Data is the stuff of data science, the raw material that — given the right spells and concoctions of the data alchemist — is to be turned into gold. Although data is increasingly ubiquitous, it is difficult to turn raw data into something that makes sense or creates value. This should not surprise us: It also takes a lot of knowledge, skills, and effort to build a house out of a heap of dirt, stones, and wood. And while data science typically does not get our hands dirty, we should never underestimate the amount of effort and frustration involved in cleaning up some messy pile of data.

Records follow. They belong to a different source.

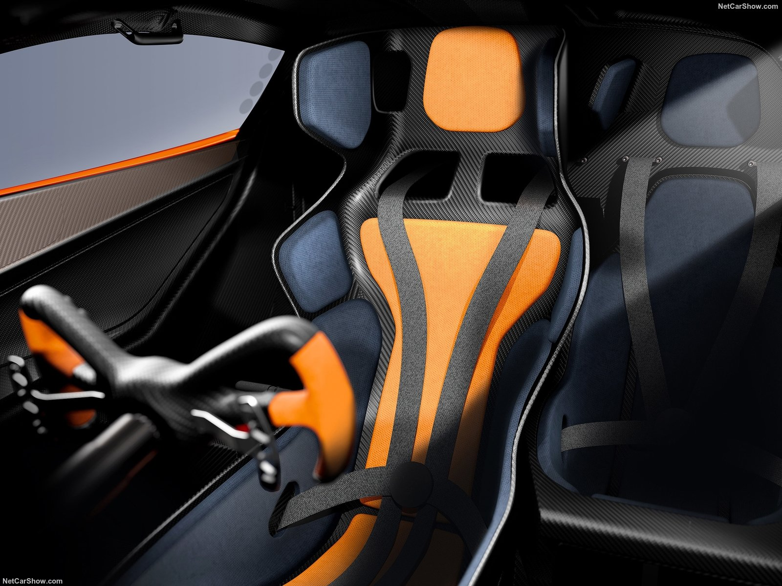 The rectangular carbon fibre steering wheel is a lesson in simplicity, featuring only the key controls that the driver needs. This includes buttons for the traction and launch control, as well as the car-to-pit/driver-to-passenger radio and to select neutral. The slim, uncluttered design is influenced by Murray's racing experience.
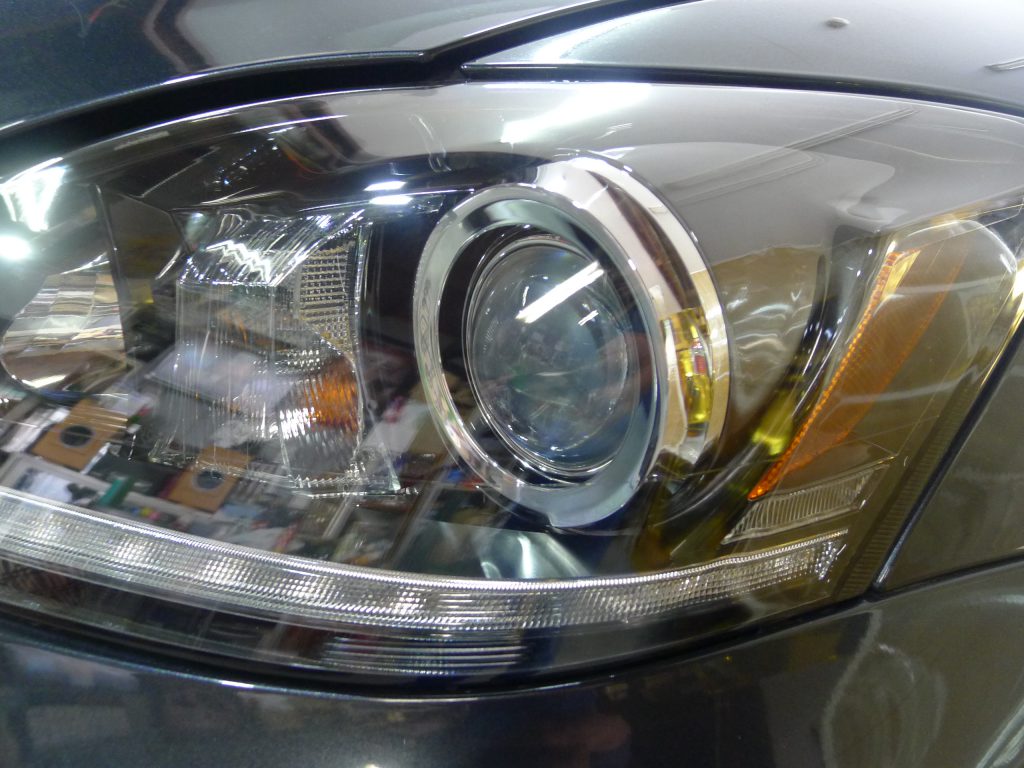 ヘッドライトの状況を見ながら最善の研磨作業を行いヘッドライト再生コーティングを施工後もう一層のコーティングを施工いたします
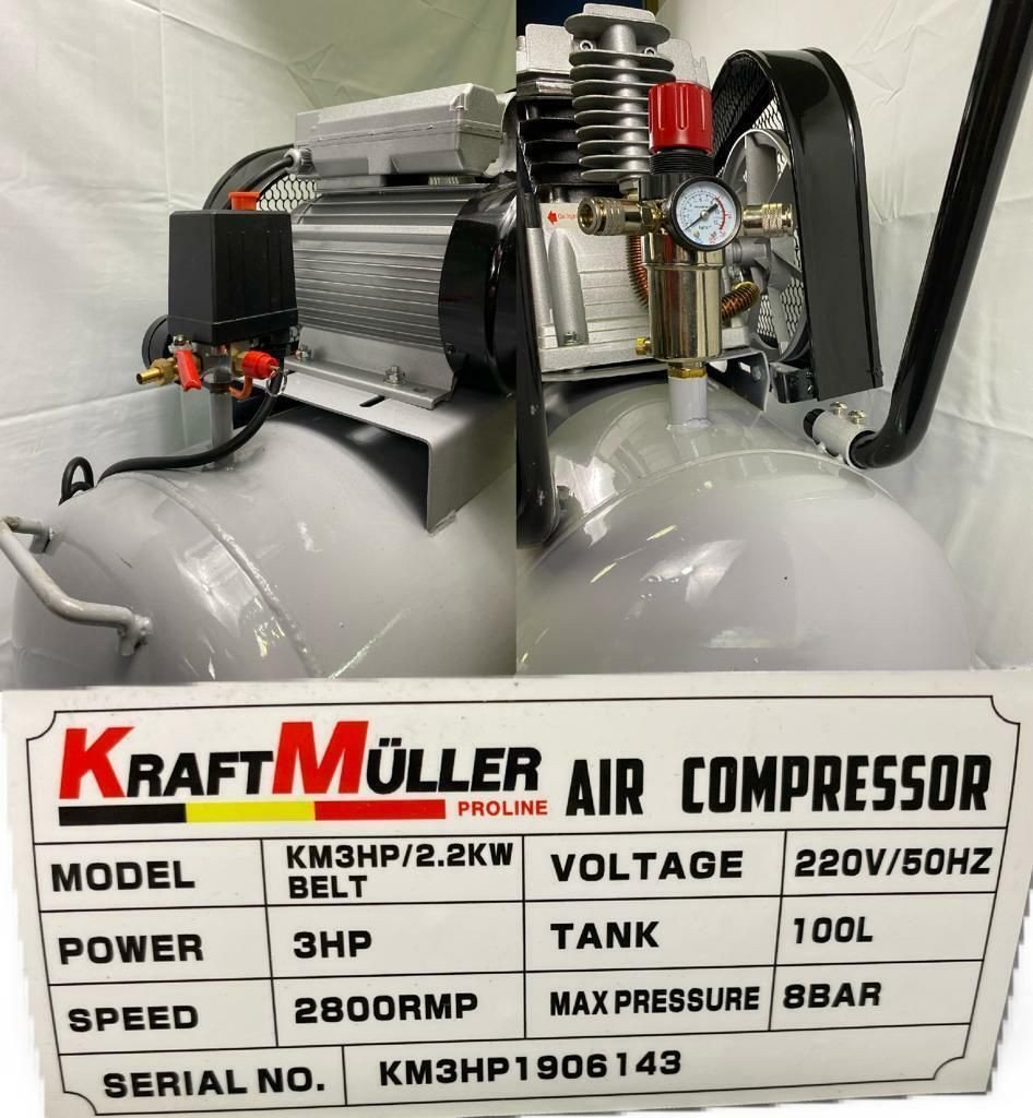 Compresseur 100Litres 3CV KRAFTMULLER – Capacité cuve: 100L

This chapter provides some background information on the main datasets used in this book and their sources. Most of the data used throughout this book is already included in R (in datasets) or provided by R packages (e.g., the tidyverse). Occasionally, we create small toy datasets to illustrate a command or technical point, but the vast majority of analyses and visualizations throughout this book use real datasets that people have collected to answer empirical questions.
To address the interests of psychologists and social scientists, we focus on people-related data, in which cases represent persons and the variables provide information about them (e.g., characteristics like age, gender, etc., but also choices, opinions, preferences, etc.). Aiming for real data that addresses scientific questions in psychology prompted us to use 2 datasets that pop up frequently throughout this book:
To make it simple to use these datasets in R, we store them in easily accessible formats on a web server (at http://rpository.com/ds4psy/). The following sections provide the context in which the data were collected and provides credit and references to the original sources. The concluding Section B.3 provides pointers to additional sources of data.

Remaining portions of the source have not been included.